Preaching to the dechurched

Author
Derik W Hamby
Abstract
This project explored preaching to de-churched people. The project involved interviewing twenty people. Fourteen interviews of de-churched or previously de-churched people were done by the author. A focus group of six then met to be interviewed and to help with a sermon series. The author found that de-churched people are like others who are longing for preaching that is relevant and relates the Bible to life. Preaching will not keep people out of church nor will it alone bring people back, but it is a crucial aspect that helps people stay active in the church.

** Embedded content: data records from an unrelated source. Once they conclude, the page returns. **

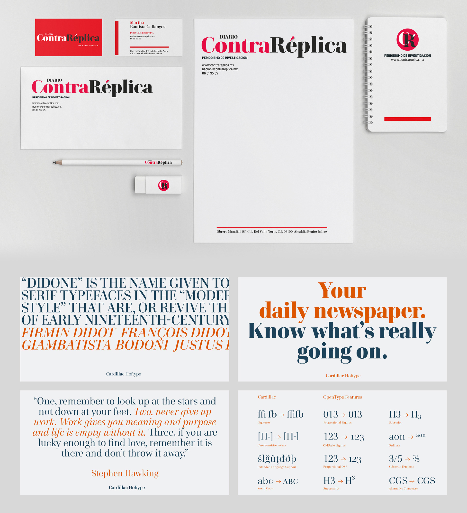 Tipografía. La familia tipográfica Cardillac consta de 14 estilos y ofrece numerosas características que la hacen ideal para aplicaciones ambiciosas. Su claridad, apariencia noble y elegancia la hacen perfecta para su uso en revistas y periódicos. Está disponible en formato OpenType y ofrece soporte de idiomas extendido.
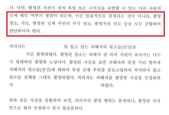 촬영 사실을 인정하더라도, 그 장면이 성적 자기결정권을 침해하는 방식으로 해석될 여지가 있는지는 별도의 판단 구조에 따라 검토됩니다. 특정 신체 부위가 포착되지 않은 사진이나 이동 중 자연스럽게 촬영된 장면처럼 성적 목적이 단정되기 어려운 경우에는, 구성요건 판단에서 어떤 요소가 실제로 의미를 갖는지 명확하게 구분해두어야 합니다.
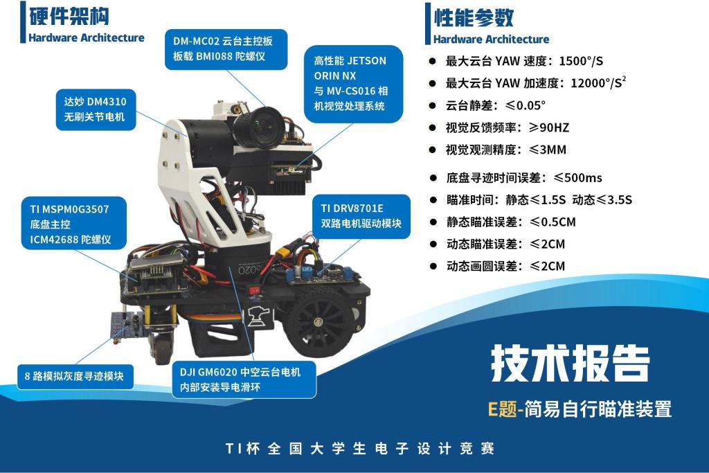 江南大学参赛队选择的E题要求设计制作一个简易自行瞄准装置,包含自动寻迹小车与瞄准模块两大核心部分。团队以MSPM0G3507为主控芯片,结合八路灰度传感器与陀螺仪数据,借助DRV8701驱动实现精准循迹。视觉系统采用高分辨率相机与边缘AI模块,通过CUDA加速实现高帧率、高抗干扰的目标识别;瞄准云台创新融合陀螺仪与双无刷电机,确保操控过程的稳定性。该系统性能表现卓越,静态瞄准时间小于1.5秒,动态瞄准时间小于3.5秒,误差分别控制在0.5厘米与2厘米以内,动态追踪性能尤为出色。作品凭借优异的指标与流畅的演示,赢得了评审专家的一致认可,最终摘得本科组“TI杯”。
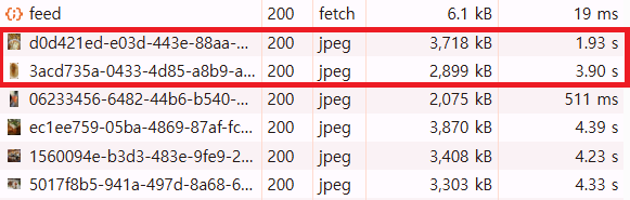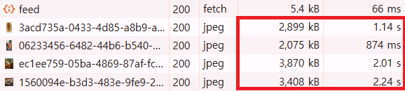 즉, 수 MB의 데이터를 내려받으면서 TTFB 이후 다운로드 구간이 길어져 네트워크 전송 비용이 증가하고, 원본 해상도를 그대로 받아 불필요하게 큰 리소스를 제공하고 있는 것이 문제였다.

The self-disclosure of the preacher in the sermon: teaching undergraduate Bible college student ministers to disclose with discretion

Author
Mark Robert Scott
Abstract
This thesis looks at appropriate and inappropriate self-disclosures of preachers in their sermons. The self-disclosure is that of first-person stories. Undergraduate Bible College student ministers often turn to their own lives as a source for sermon illustrations. Sometimes their self-disclosure lacks discretion. By paying attention to the self-disclosure critque form, student ministers can accelerate their maturity in disclosing with discretion in their use of first-person stories. The vulnerability in self-disclosure may be more of a quality of life than a homiletical strategy, but mature preachers will find ways to talk about themselves so that God is heard.